• **MATERIAL FOR THE TASK**:
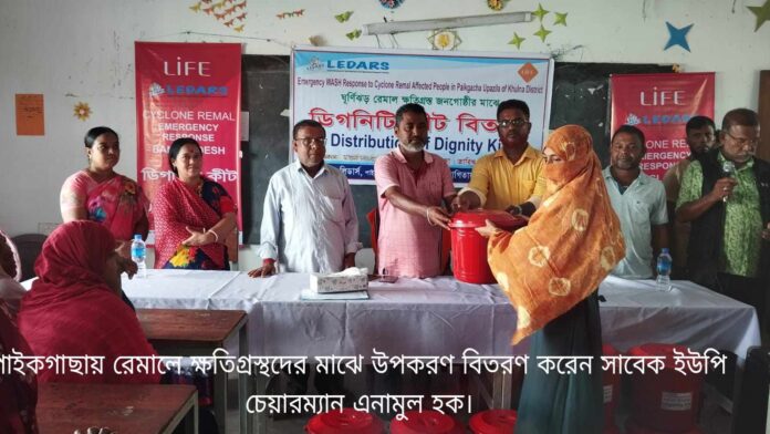 পাইকগাছা প্রতিনিধি। পাইকগাছার ঘুর্নিঝড় রেমালে ক্ষতিগ্রাস্থ সোলাদানা ইউনিয়নের হাজার পরিবারে ডিকনিটি( মর্যাদা উপকরণ) কীট বিতরণ করা হয়েছে। ২৮ আগস্ট বুধবার সকাল ১০ টায় বেসরকারী উন্নয়ন সংস্থা লিডার্সের উদ্যোগে এসব উপকরণ বিতরণ করা হয়। বাস্তবায়ন দাতা সংস্থা ফ্রান্সের LiFE- ONG এর সহযোগিতায় “Emergency WASH Response to Cyclone Remal Affected People in Paikgacha Upazilla of Khulna District” প্রকল্পের আওতায় সোলাদানা মাধ্যমিক বিদ্যালয়ে ১ হাজার কিশোরী, যুব নারী ও দরিদ্র পরিবারের মাঝে ডিগনিটি কীট (মর্যাদা উপকরন) বিতরণ করা হয়েছে। বিদ্যালয় প্রধান শিক্ষক আমিনুর রহমানের সভাপতিত্বে অনুষ্ঠেয় এ অনুষ্ঠানে প্রধান অতিথি ছিলেন সোলাদানা সাবেক ইউপি চেয়ারম্যান এস.এম এনামূল হক। স্বাগত বক্তব্য দেন লিডার্সের প্রকল্প সমন্বয়কারী দেবব্রত কুমার গাইন।
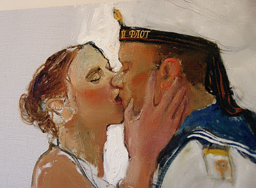 Но более других полотен, по общему мнению, своей душевностью привлекла работа, где моряк обнимает и целует свою девушку. Глядя на простой, пусть где-то даже «шаблонный» (матрос и девушка), но с душой выполненный сюжет, невольно задумываешься: флотские будни, они ведь «серые», тяжелые, но как на флоте без романтики и без той, которая ждет…
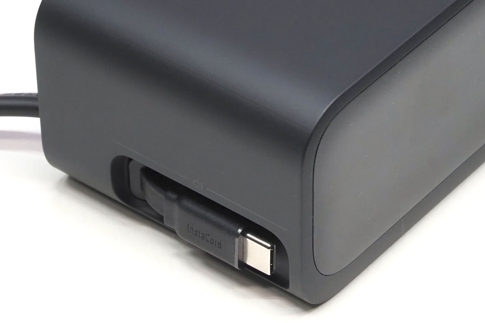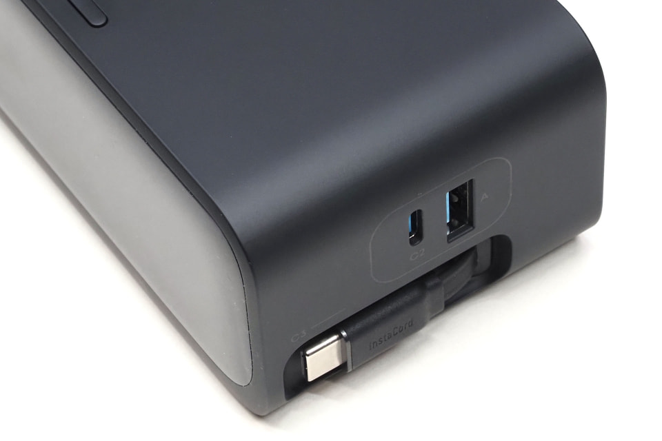 そして決定打は、巻き取り式USBケーブルが2本も内蔵されているという点。USB Type-C充電をするとき、ケーブルをUSB充電器につなぐとか、充電しないときにUSB Type-Cケーブルが横たわって邪魔&目障りとか、そーゆー微妙な「ぐぬぬ感」が一切ナイ!!!
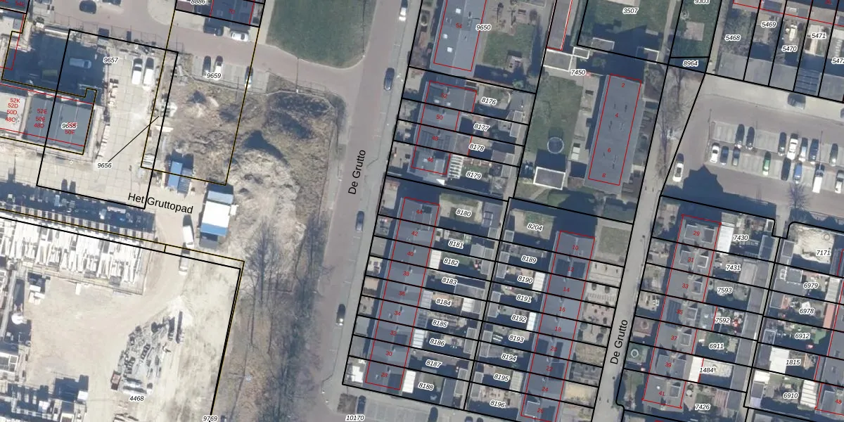 Het perceel waarop De Grutto 44 staat heeft een oppervlakte van 281 m². Dit is een middelgroot perceel. De perceeloppervlakte wordt geregistreerd door het Kadaster. Gedetailleerde informatie over de maten van dit perceel kunt u vinden in het rapport Kadastrale kaart met maatvoering van De Grutto 44.
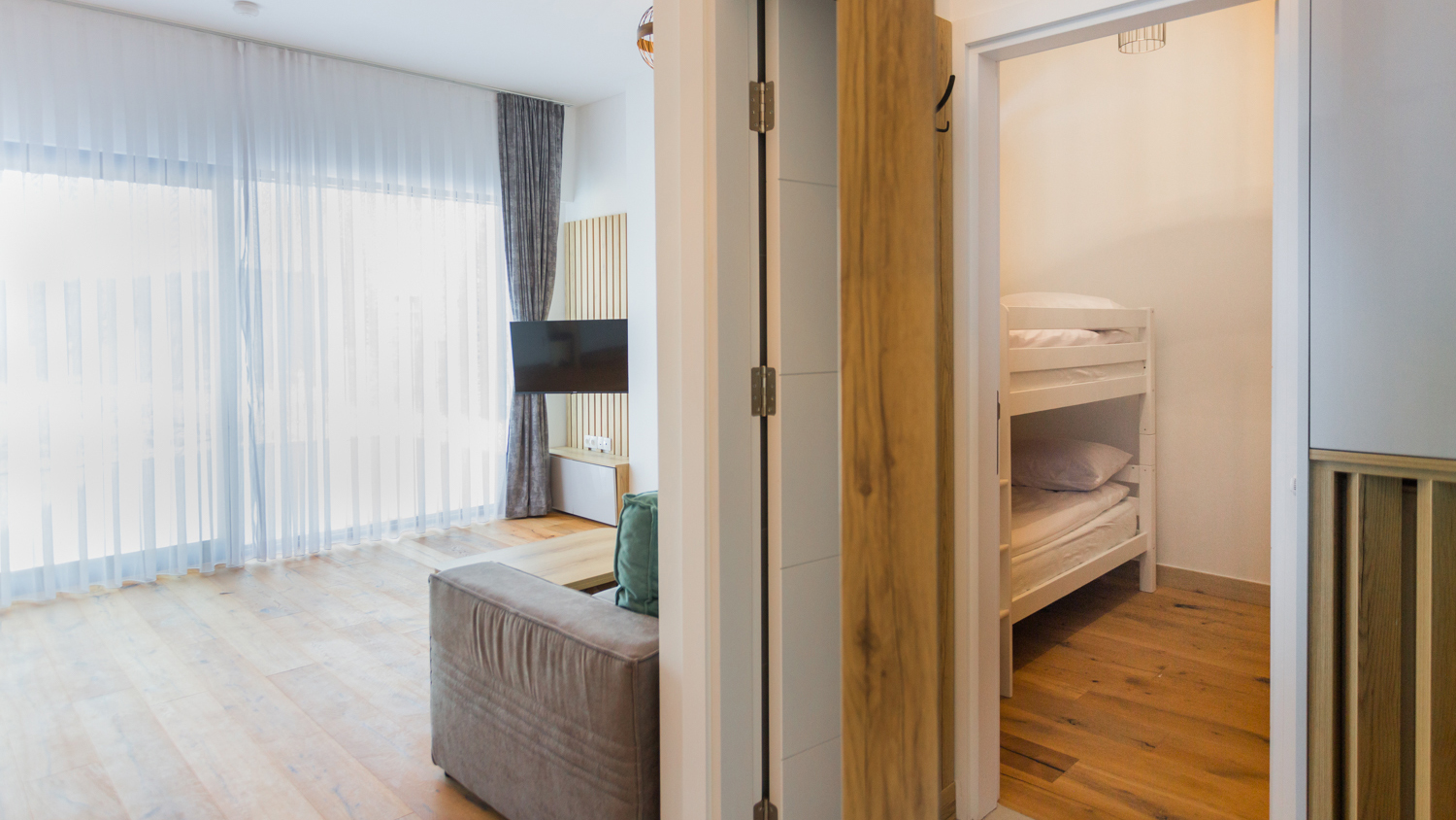 Moderno opremljeni komforni apartman sa dvije odvojene spavaće sobe, velikim dnevnim boravkom koji je idealan za porodice sa djecom. Ovdje će vas očarati savršen pogled na planinu i udobnost kojim odiše prostor. U apartmanu mogu boraviti do 4 osobe.
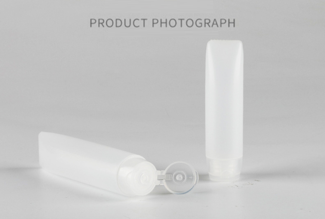 Capacity: 30/50ML Weight: 7.8/10.4g Color: White Material: PE, PP Production process: silk screen, sandblasting, color, thermal transfer Application: Suitable for packaging facial cleanser, hand cream, toothpaste, shower gel, shampoo, conditioner and other lotion products.

• **ACTION ITEM**: Word for word, reproduce each line from the one with "Moderno opremljeni komforni" through the last line of the material above, both included, and drop the pictures.

• **RESULT**:
 Moderno opremljeni komforni apartman sa dvije odvojene spavaće sobe, velikim dnevnim boravkom koji je idealan za porodice sa djecom. Ovdje će vas očarati savršen pogled na planinu i udobnost kojim odiše prostor. U apartmanu mogu boraviti do 4 osobe.
 Capacity: 30/50ML Weight: 7.8/10.4g Color: White Material: PE, PP Production process: silk screen, sandblasting, color, thermal transfer Application: Suitable for packaging facial cleanser, hand cream, toothpaste, shower gel, shampoo, conditioner and other lotion products.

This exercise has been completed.